Task goal:
These records contain pictures, which must be left out; copy exactly the lines from the one with "Art was not" up to and including the one with "d\:(A,B)=|X_B-X_A| +|Y_B-Y_A| \]".

Information shown:
------
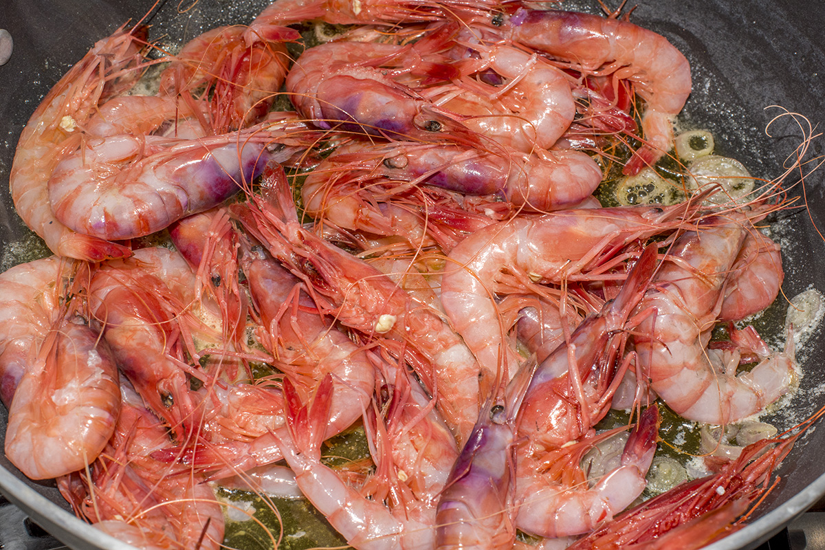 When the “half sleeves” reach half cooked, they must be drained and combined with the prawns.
------
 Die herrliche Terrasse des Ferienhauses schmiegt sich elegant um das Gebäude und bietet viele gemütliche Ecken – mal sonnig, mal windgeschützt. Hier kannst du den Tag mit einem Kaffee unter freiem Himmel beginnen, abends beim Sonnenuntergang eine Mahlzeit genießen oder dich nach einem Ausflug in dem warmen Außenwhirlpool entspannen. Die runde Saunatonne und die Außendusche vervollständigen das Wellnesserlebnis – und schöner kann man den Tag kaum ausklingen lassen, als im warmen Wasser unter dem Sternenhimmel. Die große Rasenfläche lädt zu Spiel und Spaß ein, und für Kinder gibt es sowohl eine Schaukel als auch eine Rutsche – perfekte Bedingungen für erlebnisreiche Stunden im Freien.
------
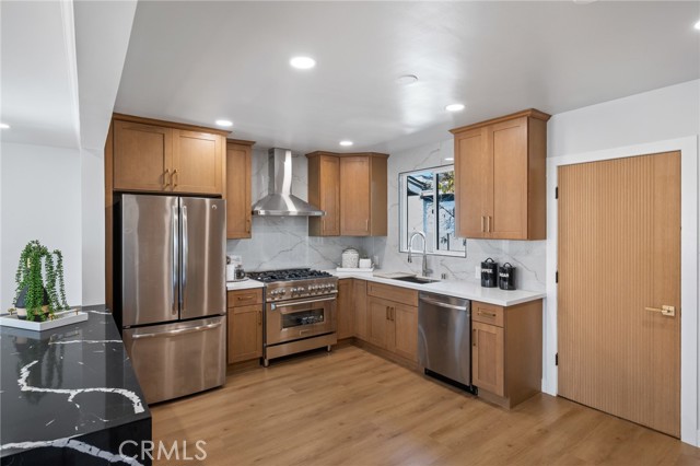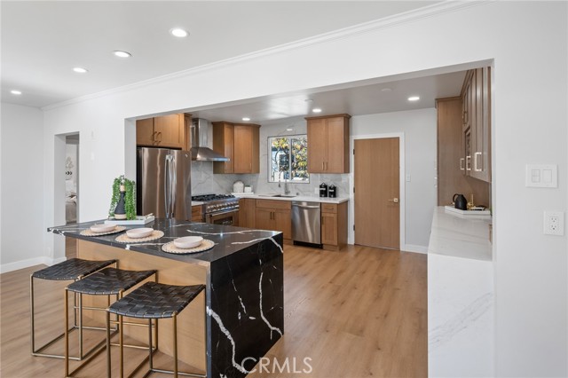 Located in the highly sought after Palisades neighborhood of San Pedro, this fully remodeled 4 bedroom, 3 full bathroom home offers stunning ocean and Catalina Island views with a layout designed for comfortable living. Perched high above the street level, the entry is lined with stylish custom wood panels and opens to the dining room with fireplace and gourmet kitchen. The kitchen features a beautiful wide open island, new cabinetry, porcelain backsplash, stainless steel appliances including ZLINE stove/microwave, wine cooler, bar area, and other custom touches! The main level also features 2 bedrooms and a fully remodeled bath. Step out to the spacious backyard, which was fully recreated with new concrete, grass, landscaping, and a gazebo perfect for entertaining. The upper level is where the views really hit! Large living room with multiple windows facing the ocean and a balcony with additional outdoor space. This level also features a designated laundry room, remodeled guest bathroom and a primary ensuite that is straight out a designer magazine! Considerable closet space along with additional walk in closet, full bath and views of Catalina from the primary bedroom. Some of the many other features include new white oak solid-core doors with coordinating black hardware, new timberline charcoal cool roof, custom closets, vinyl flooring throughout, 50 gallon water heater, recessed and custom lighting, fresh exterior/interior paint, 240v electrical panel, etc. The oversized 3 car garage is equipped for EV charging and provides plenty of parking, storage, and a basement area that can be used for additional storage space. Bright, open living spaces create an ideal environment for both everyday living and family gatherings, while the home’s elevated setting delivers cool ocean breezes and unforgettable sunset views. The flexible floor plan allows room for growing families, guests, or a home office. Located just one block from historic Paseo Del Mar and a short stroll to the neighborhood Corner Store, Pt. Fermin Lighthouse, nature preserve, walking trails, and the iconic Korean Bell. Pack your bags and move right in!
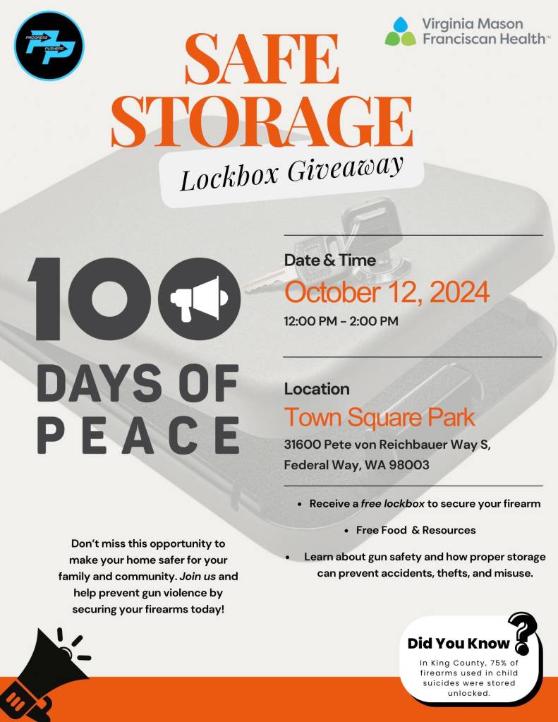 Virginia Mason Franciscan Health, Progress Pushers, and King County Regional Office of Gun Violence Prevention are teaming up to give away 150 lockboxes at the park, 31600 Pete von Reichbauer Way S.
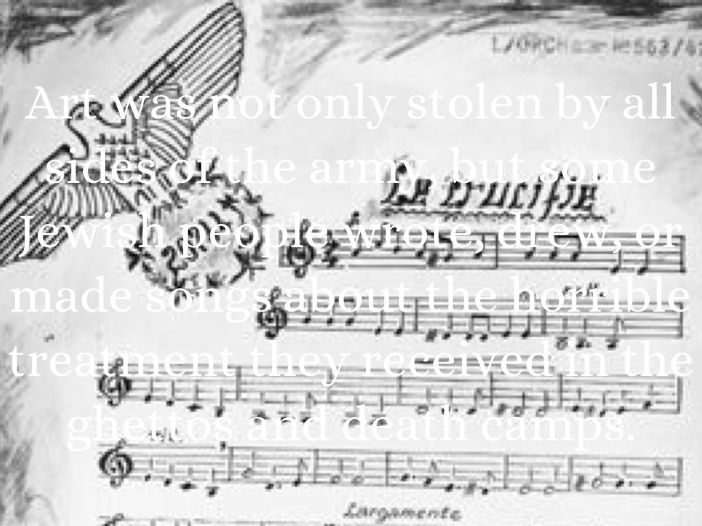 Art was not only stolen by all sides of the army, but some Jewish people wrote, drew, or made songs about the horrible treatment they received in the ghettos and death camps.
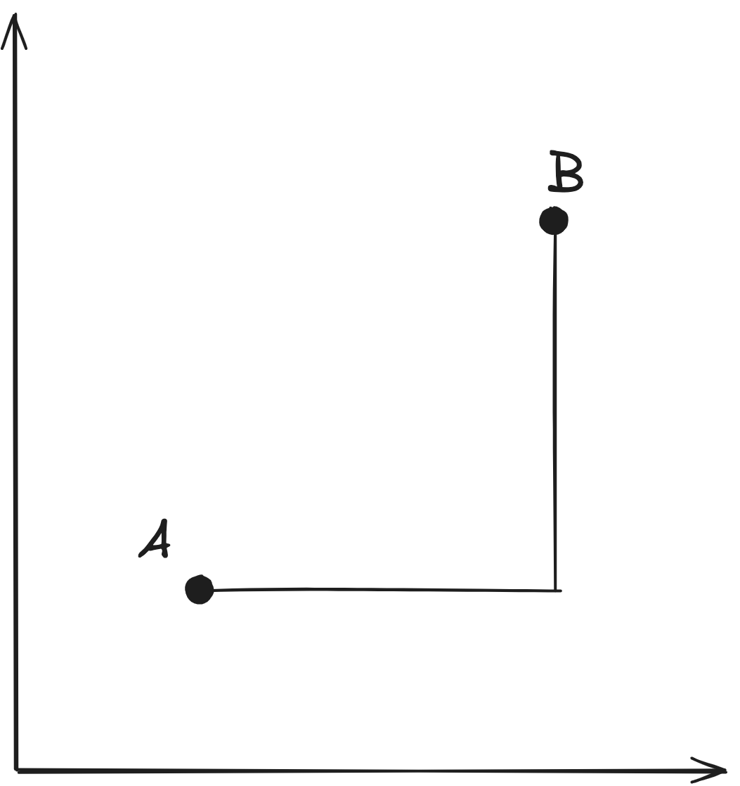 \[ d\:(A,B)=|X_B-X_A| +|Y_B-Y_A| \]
------
Response:
 Art was not only stolen by all sides of the army, but some Jewish people wrote, drew, or made songs about the horrible treatment they received in the ghettos and death camps.
 \[ d\:(A,B)=|X_B-X_A| +|Y_B-Y_A| \]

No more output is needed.